“I can’t come out, Mother,” said Bert, who was not so frightened, now that he saw help at hand.

“You can’t come out? Why not?”

“’Cause I’m stuck in the mud—or maybe it’s quicksand. I’m sinking in the quicksand. Or I would sink if I didn’t keep hold of the raft. I dassn’t let go!”

“Oh, my!” cried Mrs. Bobbsey. “What shall I do?”

“Can’t you pull him out?” asked Nan. “We tried, but we can’t.”

They had done this—she and Flossie and Freddie. But Bert’s feet were too tightly held in the sticky mud, or whatever it was underneath the water.
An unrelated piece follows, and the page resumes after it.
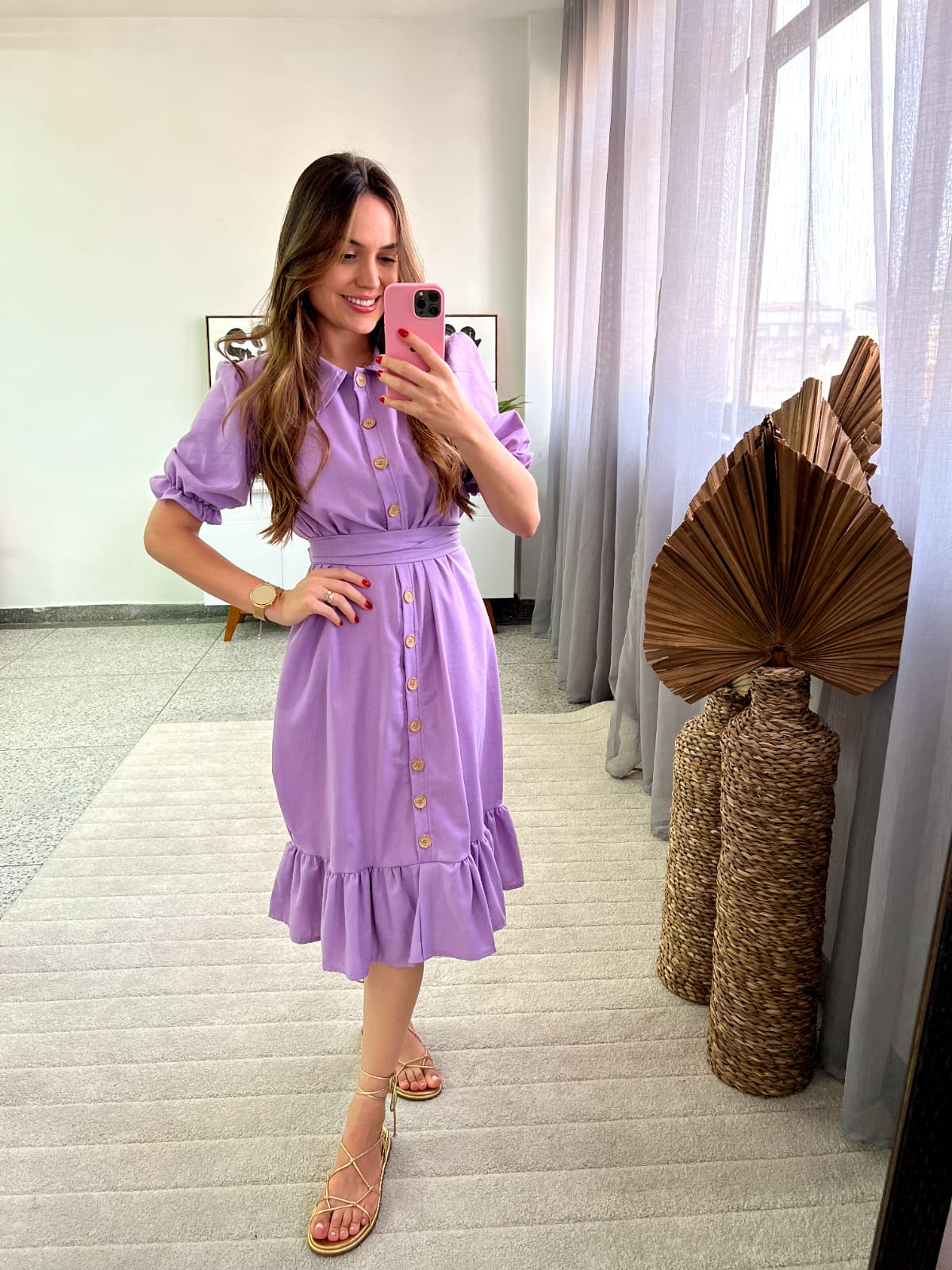 MODELO: VESTIDO MIDI COM MANGA BUFANTE E ELÁSTICO, CINTO ACOMPANHA (USO OPCIONAL).

“Wait! I’ll come and get you,” said Mrs. Bobbsey. She was just about to wade out to get Bert, shoes, skirts and all, when along came puffing, fat Dinah, and, just ahead of her, her husband, Sam.

“What’s the mattah, Mrs. Bobbsey?” asked the colored man, who did odd jobs around the Bobbsey home.

“It’s Bert! He’s fast in the mud!” answered Mrs. Bobbsey. “Oh, Sam, please hurry and get him out!”

“Yas’am, I’ll do dat!” cried Sam. He did not seem to be frightened. Perhaps he knew that the pond was not very deep where Bert was, and that the boy could not sink down much farther.